Recorded data:

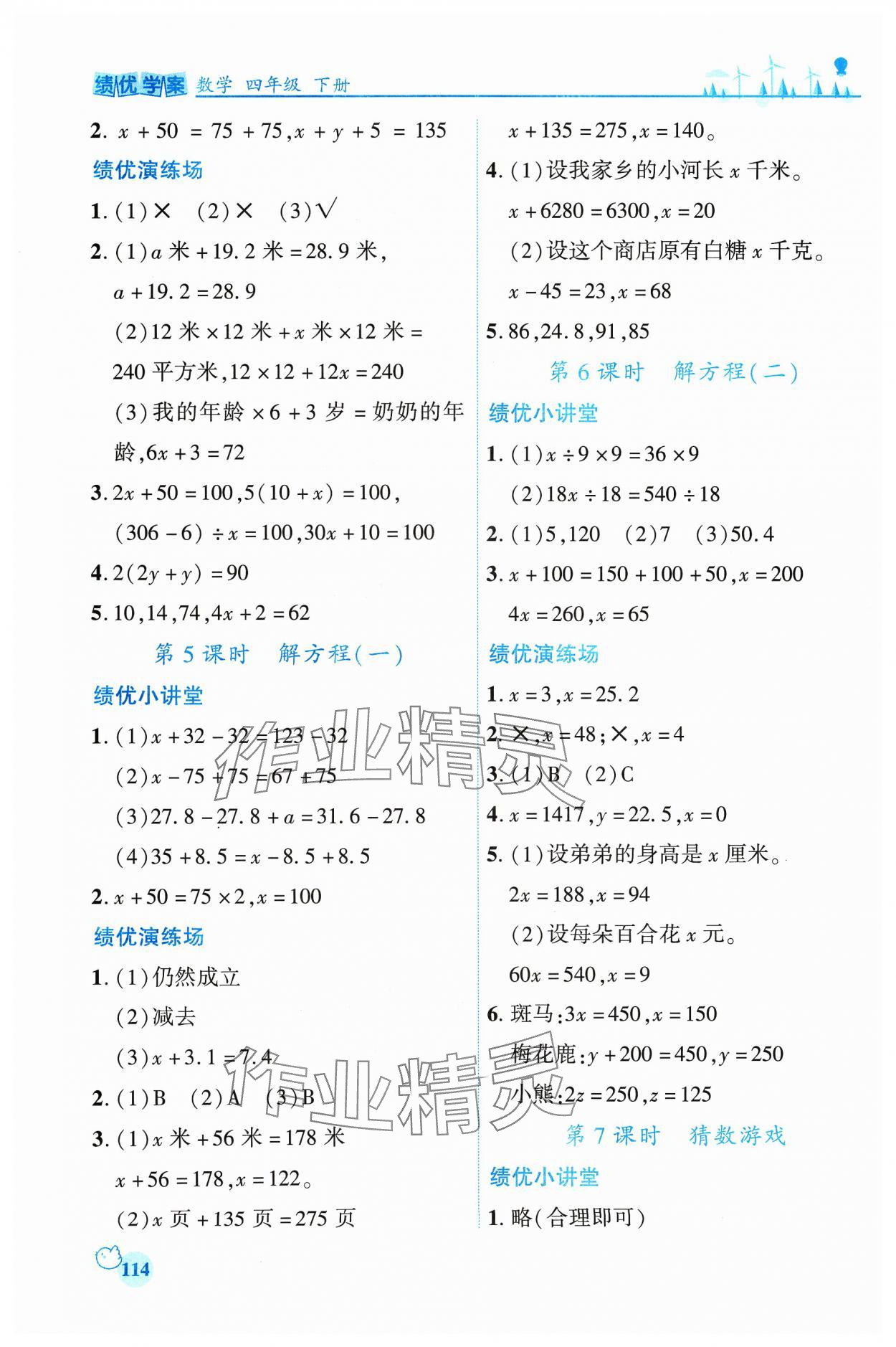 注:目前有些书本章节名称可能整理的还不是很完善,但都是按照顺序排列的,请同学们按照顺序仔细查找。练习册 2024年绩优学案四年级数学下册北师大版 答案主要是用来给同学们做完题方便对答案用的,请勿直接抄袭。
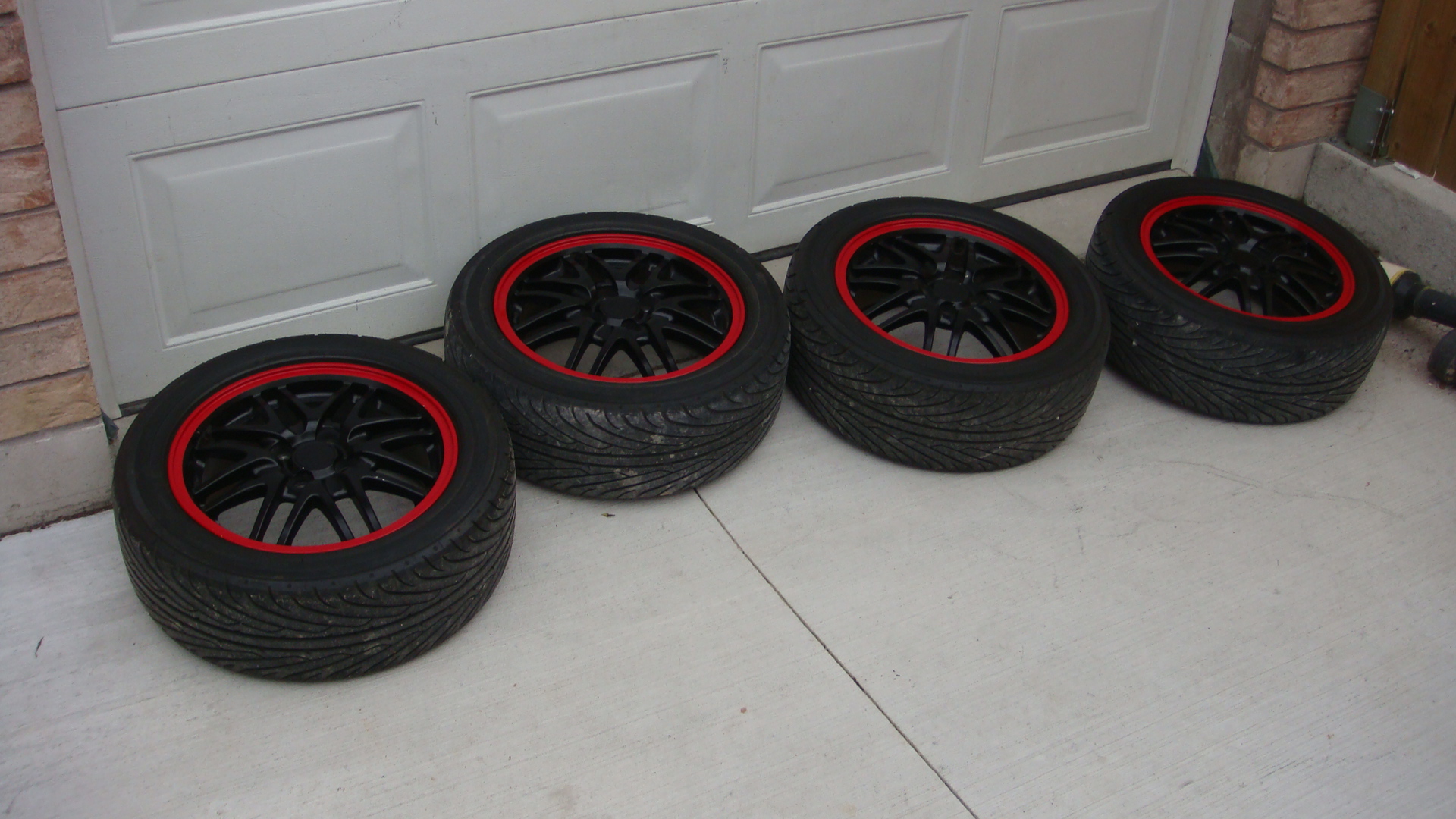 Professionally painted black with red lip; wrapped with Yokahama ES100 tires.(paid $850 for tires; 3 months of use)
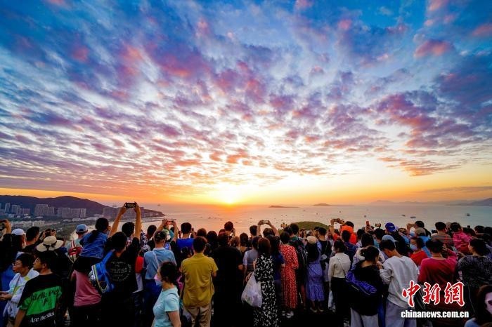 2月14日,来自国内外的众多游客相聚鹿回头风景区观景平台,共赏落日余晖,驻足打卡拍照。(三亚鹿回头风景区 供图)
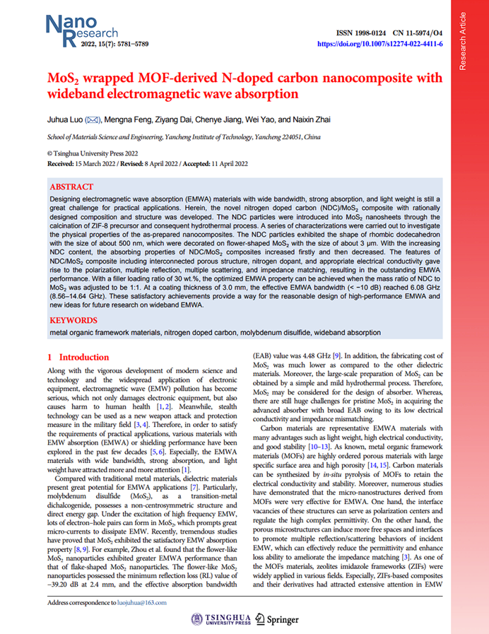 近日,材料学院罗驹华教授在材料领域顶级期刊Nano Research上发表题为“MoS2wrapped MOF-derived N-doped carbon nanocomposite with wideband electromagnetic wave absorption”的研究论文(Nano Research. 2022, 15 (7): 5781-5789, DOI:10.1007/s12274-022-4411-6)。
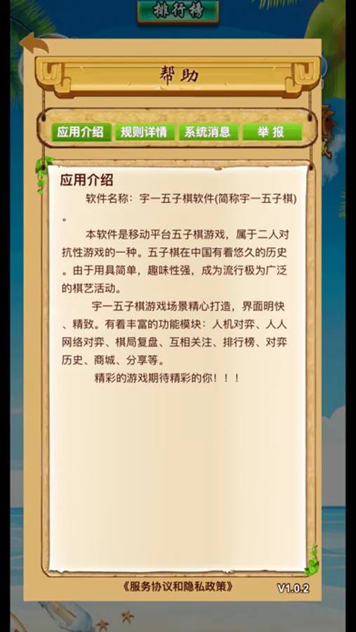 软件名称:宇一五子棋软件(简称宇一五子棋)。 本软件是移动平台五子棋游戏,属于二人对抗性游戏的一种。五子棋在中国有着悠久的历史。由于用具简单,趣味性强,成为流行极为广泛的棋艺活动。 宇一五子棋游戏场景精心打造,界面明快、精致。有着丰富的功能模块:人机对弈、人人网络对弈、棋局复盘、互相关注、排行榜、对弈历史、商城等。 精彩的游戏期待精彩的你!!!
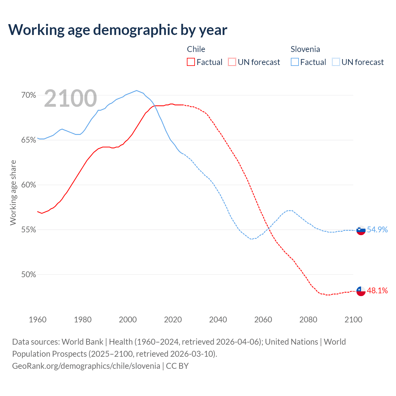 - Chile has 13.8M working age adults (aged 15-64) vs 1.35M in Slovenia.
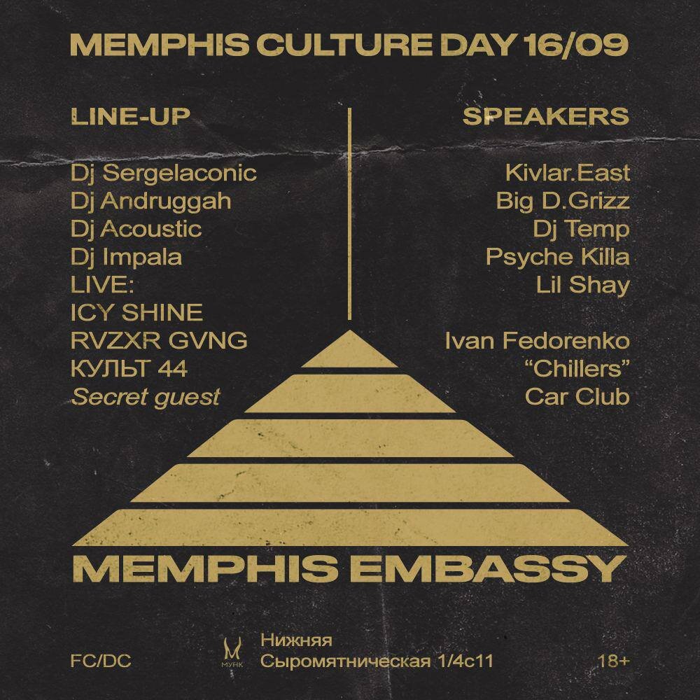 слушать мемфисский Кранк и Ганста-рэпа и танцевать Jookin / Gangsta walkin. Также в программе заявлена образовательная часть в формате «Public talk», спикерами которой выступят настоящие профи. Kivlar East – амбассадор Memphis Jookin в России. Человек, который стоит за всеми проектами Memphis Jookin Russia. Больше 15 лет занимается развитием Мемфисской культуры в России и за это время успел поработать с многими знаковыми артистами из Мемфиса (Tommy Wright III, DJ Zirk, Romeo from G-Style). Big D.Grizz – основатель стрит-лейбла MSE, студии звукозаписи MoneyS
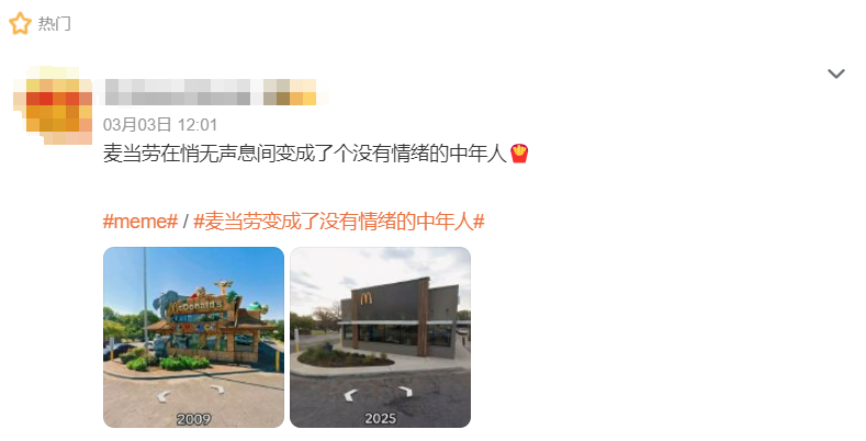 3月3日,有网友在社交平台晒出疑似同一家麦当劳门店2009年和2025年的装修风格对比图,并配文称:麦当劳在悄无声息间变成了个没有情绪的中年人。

ACTIVITY:
The records above are to be transcribed exactly, with every picture left out.

THE ANSWER:
 注:目前有些书本章节名称可能整理的还不是很完善,但都是按照顺序排列的,请同学们按照顺序仔细查找。练习册 2024年绩优学案四年级数学下册北师大版 答案主要是用来给同学们做完题方便对答案用的,请勿直接抄袭。
 Professionally painted black with red lip; wrapped with Yokahama ES100 tires.(paid $850 for tires; 3 months of use)
 2月14日,来自国内外的众多游客相聚鹿回头风景区观景平台,共赏落日余晖,驻足打卡拍照。(三亚鹿回头风景区 供图)
 近日,材料学院罗驹华教授在材料领域顶级期刊Nano Research上发表题为“MoS2wrapped MOF-derived N-doped carbon nanocomposite with wideband electromagnetic wave absorption”的研究论文(Nano Research. 2022, 15 (7): 5781-5789, DOI:10.1007/s12274-022-4411-6)。
 软件名称:宇一五子棋软件(简称宇一五子棋)。 本软件是移动平台五子棋游戏,属于二人对抗性游戏的一种。五子棋在中国有着悠久的历史。由于用具简单,趣味性强,成为流行极为广泛的棋艺活动。 宇一五子棋游戏场景精心打造,界面明快、精致。有着丰富的功能模块:人机对弈、人人网络对弈、棋局复盘、互相关注、排行榜、对弈历史、商城等。 精彩的游戏期待精彩的你!!!
 - Chile has 13.8M working age adults (aged 15-64) vs 1.35M in Slovenia.
 слушать мемфисский Кранк и Ганста-рэпа и танцевать Jookin / Gangsta walkin. Также в программе заявлена образовательная часть в формате «Public talk», спикерами которой выступят настоящие профи. Kivlar East – амбассадор Memphis Jookin в России. Человек, который стоит за всеми проектами Memphis Jookin Russia. Больше 15 лет занимается развитием Мемфисской культуры в России и за это время успел поработать с многими знаковыми артистами из Мемфиса (Tommy Wright III, DJ Zirk, Romeo from G-Style). Big D.Grizz – основатель стрит-лейбла MSE, студии звукозаписи MoneyS
 3月3日,有网友在社交平台晒出疑似同一家麦当劳门店2009年和2025年的装修风格对比图,并配文称:麦当劳在悄无声息间变成了个没有情绪的中年人。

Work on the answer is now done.